St Killian's Gaelic Athletic Club (CLG Naomh Cillian, Crois Bán), Whitecross is a Gaelic Athletic Association club in Armagh, Northern Ireland.

==History==
The club was formed in 1904 when local parish rivals, Ballymoyer Emmetts and Tullywinney Sarsfields, came together to form a team at Whitecross which is the centre of the parish of Loughgilly, in south Armagh. They had not long to wait for their first success on the field when in January 1906 they travelled to Abbey Park, Armagh, to take on the local Armagh Young Irelands (now known as Armagh Harps) - in the final of the county football championship. The newly formed St Killian's emerged victorious by a goal on a score line of 2-4 to 1-4. This was to be their only success in the senior championship.

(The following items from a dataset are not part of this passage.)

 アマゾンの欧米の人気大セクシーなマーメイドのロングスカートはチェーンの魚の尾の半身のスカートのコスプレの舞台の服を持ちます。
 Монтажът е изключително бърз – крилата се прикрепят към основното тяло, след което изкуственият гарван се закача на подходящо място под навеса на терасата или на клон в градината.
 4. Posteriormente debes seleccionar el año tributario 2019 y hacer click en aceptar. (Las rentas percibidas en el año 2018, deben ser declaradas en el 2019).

They had to wait until 1935 for their next championship success when they annexed the Junior title by defeating near neighbours, Clady, in the final. Six years later in 1941, they defeated the famed Clan na Gael from Lurgan to win the Junior title for a second time. Their opponents included within their ranks two Ulster and county stars in Eddie McLoughlin and a future President of the Association, Alf Murray.

Whitecross had to wait until 1969 for their next victory in the Junior Championship when they defeated Ballymacnab by two points 0-4 to 0-2 in the final at the Athletic Grounds, Armagh. Nine years later they won the Intermediate Championship defeating Culloville Blues after a replay which took place at Carrickcruppen.

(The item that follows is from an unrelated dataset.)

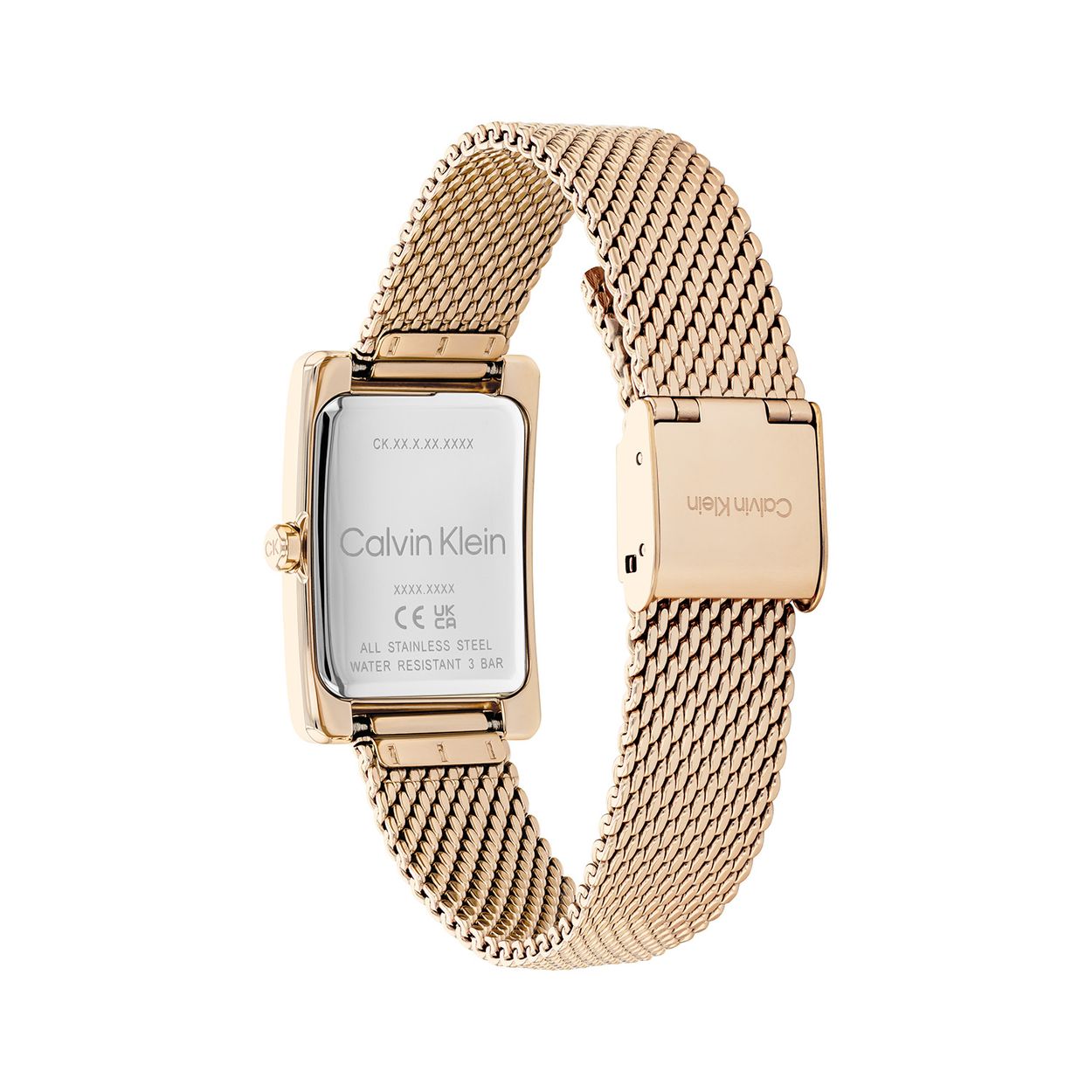 Dit Calvin Klein dameshorloge met nr CK25200395 is een chique ontwerp. De rosékleurige rechthoekige stalen kast heeft een fijne bolling in de rand, dit geeft het klokje een stijlvol uiterlijk. Op de groene sunray wijzerplaat zijn de fijne wijzers mooi zichtbaar en staat de naam Calvin Klein afgedrukt. Aan de gladde kast zit een rosékleurige milanese band. Het sierlijke horloge heeft een mineraalglas, een doorsnee van 22,5mm en is 3 ATM.

Another highlight of 1978 and indeed in the history of the club was the official opening of St Killian's' very own football pitch - Pairc Naomh Cillian - which was opened by Con Short, the then President of the Ulster Council of the GAA. Armagh played Down in the opening match and afterwards both teams, guests and friends were entertained in the Ardmore Hotel, Newry.

The Club had its new hall and changing room complex opened by GAA President Jack Boothman, on 4 November 1995, and a club history was launched at the Annual Dinner in their new premises during February 1996.

Whitecross were beaten in the 1995 Junior Football Championship Final by Ballyhegan in what became known as one of the best finals at any grade in Armagh football for several decades. They reached the final again in 1996.

The St Killian's Senior team won promotion from the 2nd Division in 2005 and successfully fought off relegation in 2006. In 2007 the team was relegated back to Division 2, but won the Intermediate Championship.

Whitecross won the 2016 Armagh Intermediate Football Championship.

==Achievements==
- Armagh Intermediate Football Championship: (3)
  - 1978, 2007, 2016
- Armagh Junior Football Championship: (4)
  - 1935, 1941, 1969, 1995

==St Killian's ladies==
St Killian's have fielded ladies' teams from under-14 to minor level and, from 2020, a senior ladies' team.